While Congress and the Administration are deciding what to do about the Affordable Care Act, it’s a good time to brush up on the benefits compliance topics employers should be attending to for 2017. Outside of the ACA, four major topics come to mind: HIPAA, mental health parity, the EEOC wellness regulations and state leave laws. We’ll address the first three here and cover state leave laws in a separate post.
The Office of Civil Rights’ Phase II HIPAA audits are ongoing, and investigators are finding that many “covered entities” still haven’t gotten their arms around some basic issues -- like terminating access to sensitive data when someone leaves the organization. OCR recently reached a $5.5 million resolution agreement with a health system in Florida for this reason. And termination of access is only one point of HIPAA compliance.
OCR has issued several pieces of guidance on cloud computing, and how to protect e-PHI from ransomware and man-in-the-middle attacks. These address the increasing complexity of protecting data in an era of accelerated—and sophisticated—malicious hacking attempts, and signals awareness at OCR of the need to stay on top of evolving security issues.
Mental Health Parity
An ongoing enforcement priority of the Department of Labor is compliance with the mental health parity rules. Based on recent FAQs, the DOL is finding various violations of the non-quantitative treatment limits (NQTL) rules in its investigations.

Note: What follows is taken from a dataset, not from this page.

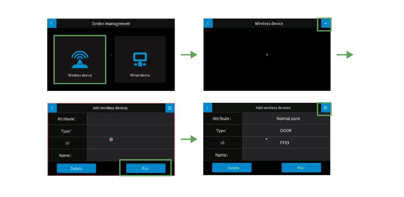 ÅbnAPP'en, gå ind på alarmens siden, vælg [Tilbehør] ->Tryk på “+”i øverste højre hjørne. Panelet er nu i indkodnings tilstand. -> Udløs enheden der skal tilføjes, såsom vindues- / dør sensor, PIR-detektor og fjernbetjening. Kun et tilbehør kan tilføjes ad gangen. Når tilføjelsen er vellykket, åbnesAPP-siden et vindue for at minde om det, og panel vil afslutte kode parrings tilstanden.

To assist plan sponsors and insurers in determining whether coverage complies, the DOL and HHS issued a list of example NQTLs that may be hidden in a given plan. According to this list, an NQTL may be anything from periodic reauthorization requirements for a prescription drug to a lack of adequate number of mental health providers in a plan’s network.
The rules can be tricky: limits that appear consistent between mental health and medical/surgical benefits may not be. Both financial testing and reviewing the processes used to arrive at a particular limit are critical in assessing compliance risk.
The final EEOC wellness regulations continue to befuddle employers sponsoring wellness programs with incentive components. Points-based programs are especially difficult, given that program entry may -- or may not -- be contingent upon completing a health assessment. Any program that offers more than one way to obtain points toward certain rewards should be analyzed to determine whether and how the Americans with Disabilities Act (ADA) or HIPAA applies.
Wellness programs that are open to spouses must also consider the Genetic Information Nondiscrimination Act (GINA) to ensure that the reward for spousal participation is within prescribed limits and complies with new rules requiring notices prior to participation in any activity in which the employee or spouse may be disclosing health information to the employer. These activities could be a biometric screening, health assessment or an annual physical exam.
All the provisions discussed above seem likely to remain an enforcement priority for the respective agencies. You can reduce your risk of penalties with diligence in reviewing your programs now and taking action to address any issues you uncover.